[DATA SUPPLIED — start]

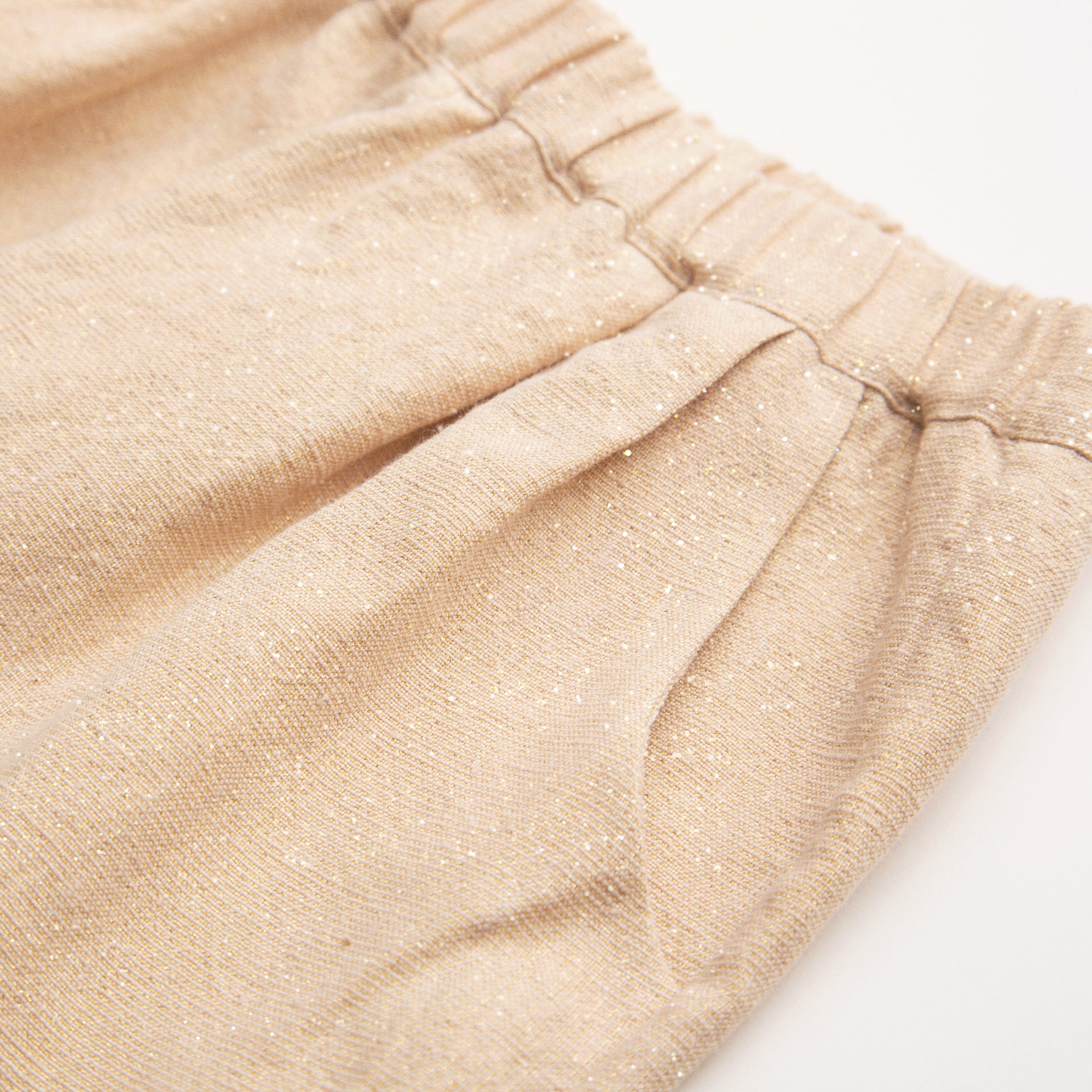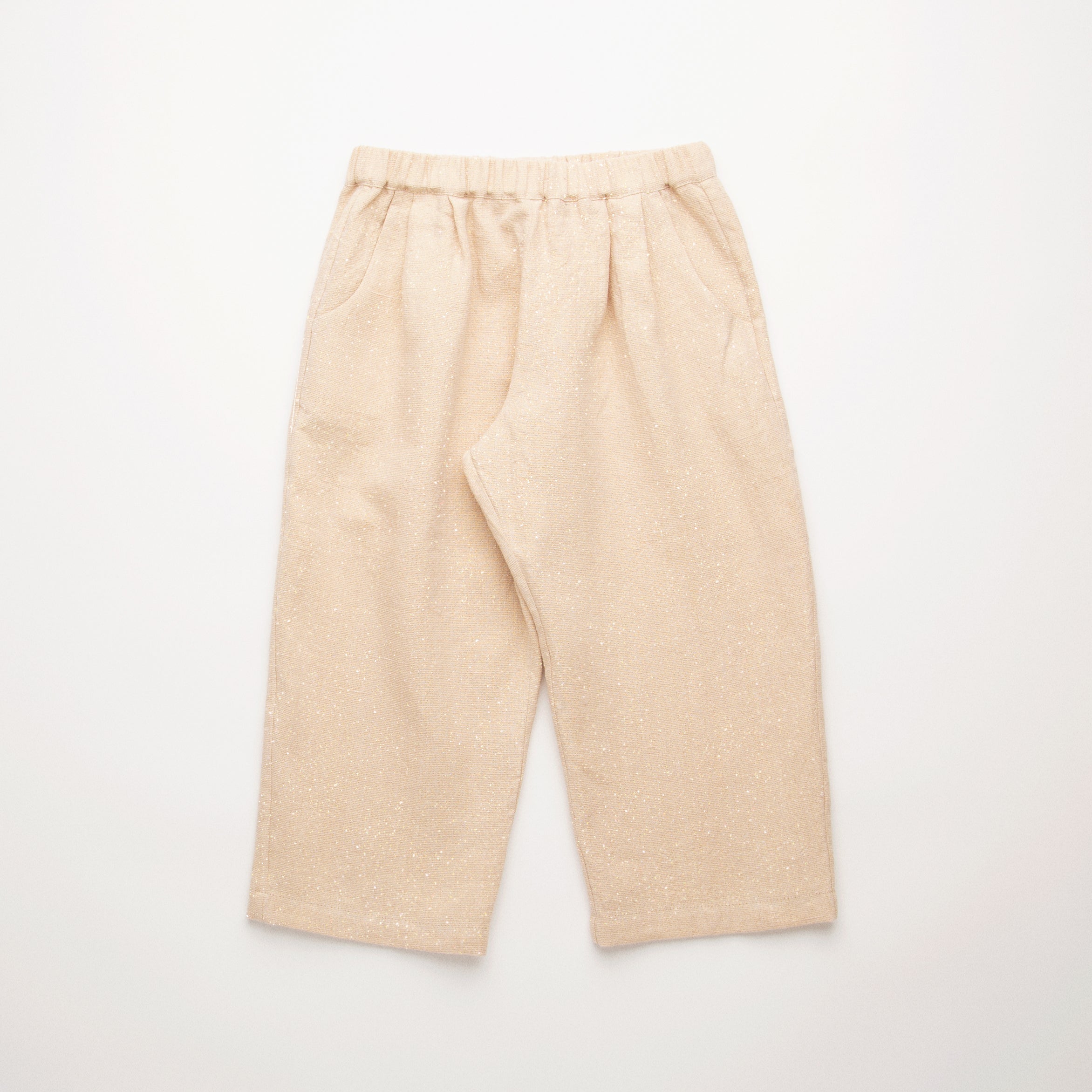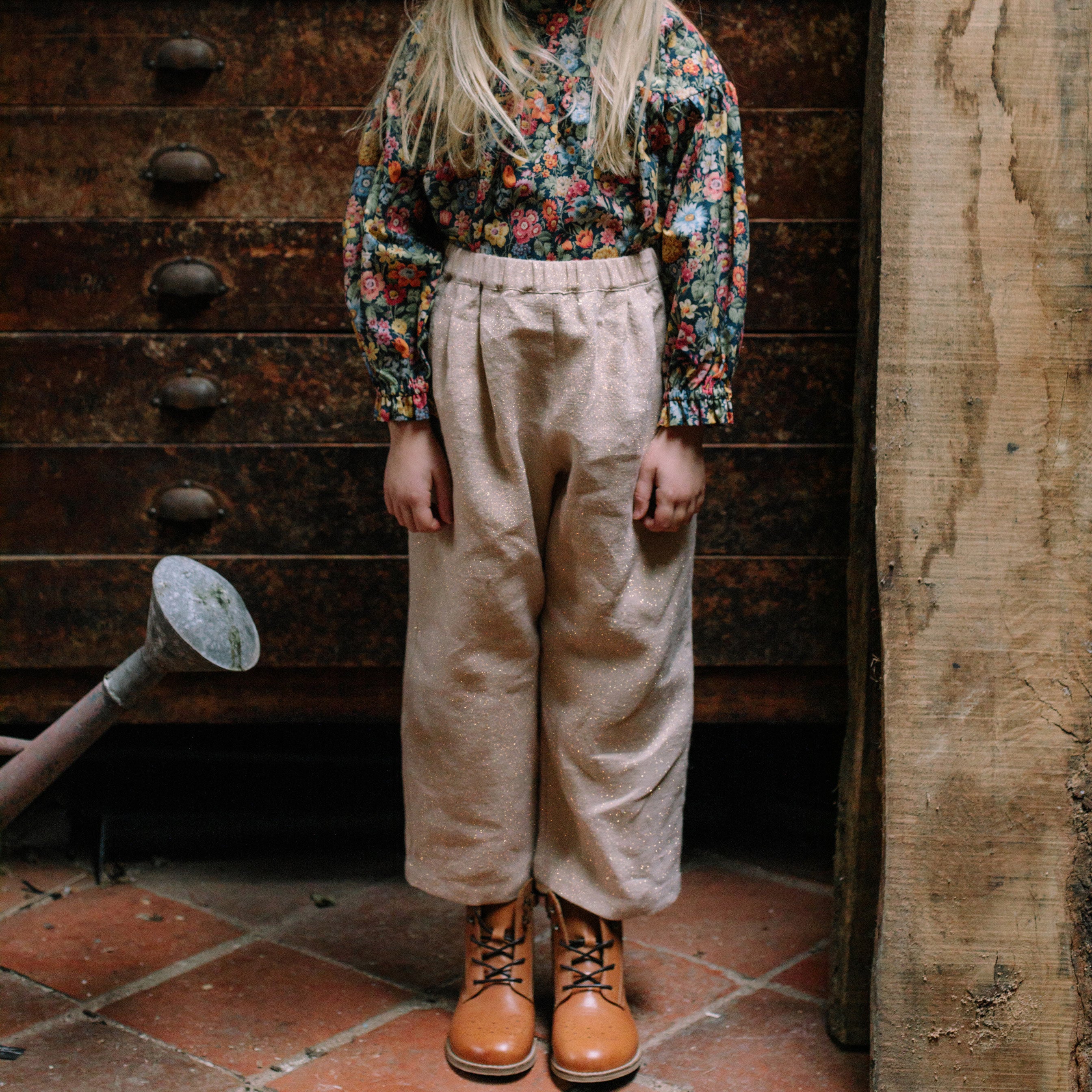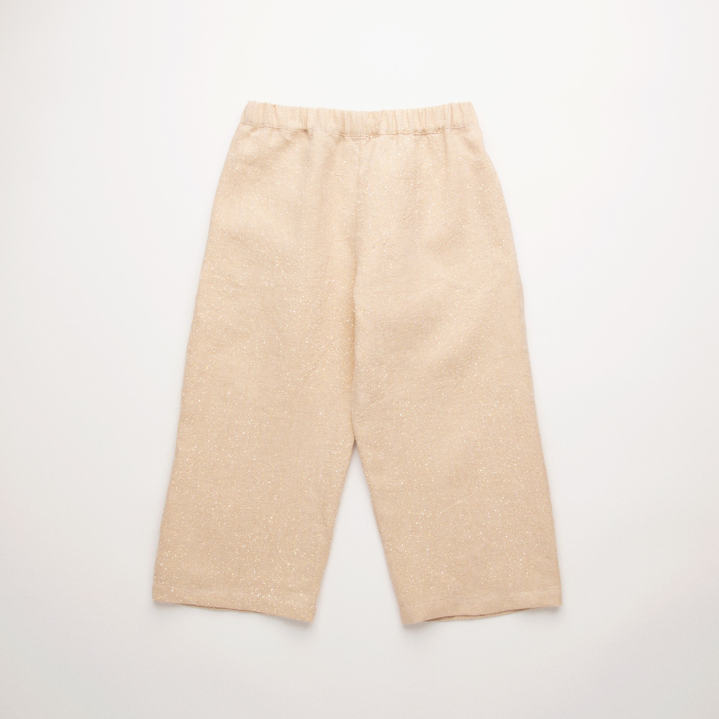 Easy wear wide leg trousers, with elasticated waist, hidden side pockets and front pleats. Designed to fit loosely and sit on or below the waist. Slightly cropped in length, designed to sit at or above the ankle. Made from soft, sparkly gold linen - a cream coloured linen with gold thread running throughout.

[DATA SUPPLIED — finish]
[DATA SUPPLIED — start]

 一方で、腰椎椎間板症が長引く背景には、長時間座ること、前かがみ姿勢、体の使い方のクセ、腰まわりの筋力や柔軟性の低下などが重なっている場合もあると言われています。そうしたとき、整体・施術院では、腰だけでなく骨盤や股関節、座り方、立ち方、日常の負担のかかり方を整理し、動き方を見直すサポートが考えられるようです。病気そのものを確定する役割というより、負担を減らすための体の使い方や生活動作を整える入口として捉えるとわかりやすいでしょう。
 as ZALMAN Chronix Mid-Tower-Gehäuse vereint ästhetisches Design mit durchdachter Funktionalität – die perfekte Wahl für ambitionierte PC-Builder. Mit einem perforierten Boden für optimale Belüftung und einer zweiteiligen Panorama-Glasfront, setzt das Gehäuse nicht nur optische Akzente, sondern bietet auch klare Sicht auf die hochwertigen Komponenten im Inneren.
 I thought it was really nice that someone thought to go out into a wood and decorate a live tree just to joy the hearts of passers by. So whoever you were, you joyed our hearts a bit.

[DATA SUPPLIED — finish]
[DATA SUPPLIED — start]

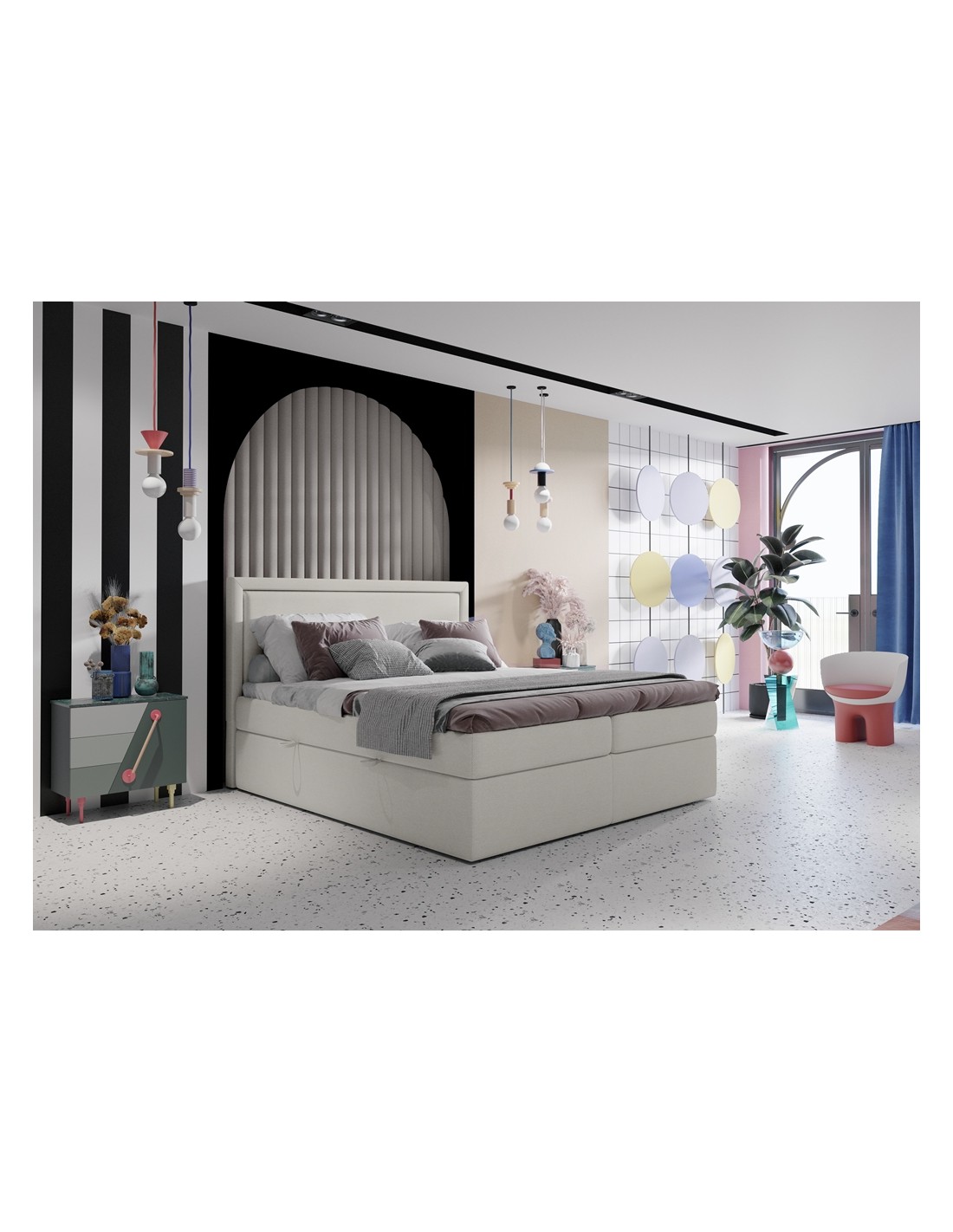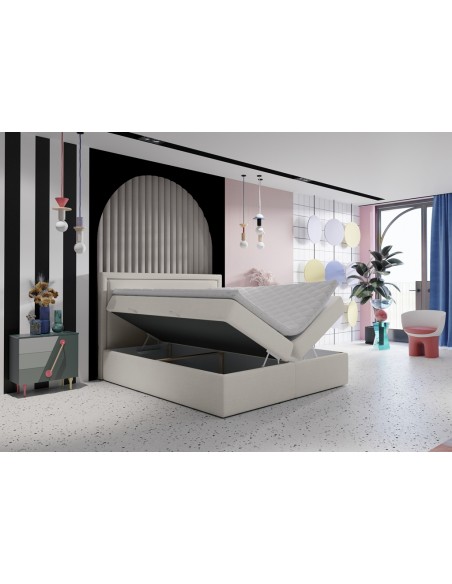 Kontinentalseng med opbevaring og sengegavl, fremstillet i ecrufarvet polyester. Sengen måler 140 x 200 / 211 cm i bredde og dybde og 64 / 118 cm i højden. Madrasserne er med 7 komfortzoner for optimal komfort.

[DATA SUPPLIED — finish]

→ DIRECTIONS
Every line above from the line with "一方で、腰椎椎間板症が長引く" to the line with "I thought it", both included, must be reproduced exactly, and no other line may appear.

→ TASK RESULT
 一方で、腰椎椎間板症が長引く背景には、長時間座ること、前かがみ姿勢、体の使い方のクセ、腰まわりの筋力や柔軟性の低下などが重なっている場合もあると言われています。そうしたとき、整体・施術院では、腰だけでなく骨盤や股関節、座り方、立ち方、日常の負担のかかり方を整理し、動き方を見直すサポートが考えられるようです。病気そのものを確定する役割というより、負担を減らすための体の使い方や生活動作を整える入口として捉えるとわかりやすいでしょう。
 as ZALMAN Chronix Mid-Tower-Gehäuse vereint ästhetisches Design mit durchdachter Funktionalität – die perfekte Wahl für ambitionierte PC-Builder. Mit einem perforierten Boden für optimale Belüftung und einer zweiteiligen Panorama-Glasfront, setzt das Gehäuse nicht nur optische Akzente, sondern bietet auch klare Sicht auf die hochwertigen Komponenten im Inneren.
 I thought it was really nice that someone thought to go out into a wood and decorate a live tree just to joy the hearts of passers by. So whoever you were, you joyed our hearts a bit.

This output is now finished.